**Problem details**
In the entries that follow, find the line containing "奥さまの家事負担を軽減する、"; from there, copy every line exactly through the line containing "接続ホストやIPアドレスで制".

**Extracted material**
------------
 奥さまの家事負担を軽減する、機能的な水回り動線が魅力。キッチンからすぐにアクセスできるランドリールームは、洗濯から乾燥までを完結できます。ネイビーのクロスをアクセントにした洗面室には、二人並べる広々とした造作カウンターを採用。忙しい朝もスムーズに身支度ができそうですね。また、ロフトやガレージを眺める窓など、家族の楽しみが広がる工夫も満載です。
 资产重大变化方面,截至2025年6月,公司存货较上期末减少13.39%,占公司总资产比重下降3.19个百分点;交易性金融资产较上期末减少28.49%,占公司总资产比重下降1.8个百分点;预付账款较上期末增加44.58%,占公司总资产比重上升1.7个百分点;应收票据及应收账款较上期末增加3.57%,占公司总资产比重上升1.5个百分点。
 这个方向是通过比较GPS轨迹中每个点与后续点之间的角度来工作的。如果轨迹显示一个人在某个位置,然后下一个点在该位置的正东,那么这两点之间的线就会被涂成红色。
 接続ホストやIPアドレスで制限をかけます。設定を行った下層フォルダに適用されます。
------------
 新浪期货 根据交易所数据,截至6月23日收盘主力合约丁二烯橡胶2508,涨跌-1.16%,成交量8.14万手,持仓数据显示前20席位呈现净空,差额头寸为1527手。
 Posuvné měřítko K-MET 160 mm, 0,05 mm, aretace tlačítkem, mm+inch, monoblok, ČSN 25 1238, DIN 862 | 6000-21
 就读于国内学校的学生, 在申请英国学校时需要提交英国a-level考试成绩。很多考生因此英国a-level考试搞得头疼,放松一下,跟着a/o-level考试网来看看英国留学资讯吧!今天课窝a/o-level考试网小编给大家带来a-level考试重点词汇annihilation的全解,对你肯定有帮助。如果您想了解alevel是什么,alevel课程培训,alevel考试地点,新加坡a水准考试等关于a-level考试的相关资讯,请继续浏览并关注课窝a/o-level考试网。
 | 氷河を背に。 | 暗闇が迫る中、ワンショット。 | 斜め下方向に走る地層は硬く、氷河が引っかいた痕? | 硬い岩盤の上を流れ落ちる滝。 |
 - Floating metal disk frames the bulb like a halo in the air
------------
**Solved problem**
 奥さまの家事負担を軽減する、機能的な水回り動線が魅力。キッチンからすぐにアクセスできるランドリールームは、洗濯から乾燥までを完結できます。ネイビーのクロスをアクセントにした洗面室には、二人並べる広々とした造作カウンターを採用。忙しい朝もスムーズに身支度ができそうですね。また、ロフトやガレージを眺める窓など、家族の楽しみが広がる工夫も満載です。
 资产重大变化方面,截至2025年6月,公司存货较上期末减少13.39%,占公司总资产比重下降3.19个百分点;交易性金融资产较上期末减少28.49%,占公司总资产比重下降1.8个百分点;预付账款较上期末增加44.58%,占公司总资产比重上升1.7个百分点;应收票据及应收账款较上期末增加3.57%,占公司总资产比重上升1.5个百分点。
 这个方向是通过比较GPS轨迹中每个点与后续点之间的角度来工作的。如果轨迹显示一个人在某个位置,然后下一个点在该位置的正东,那么这两点之间的线就会被涂成红色。
 接続ホストやIPアドレスで制限をかけます。設定を行った下層フォルダに適用されます。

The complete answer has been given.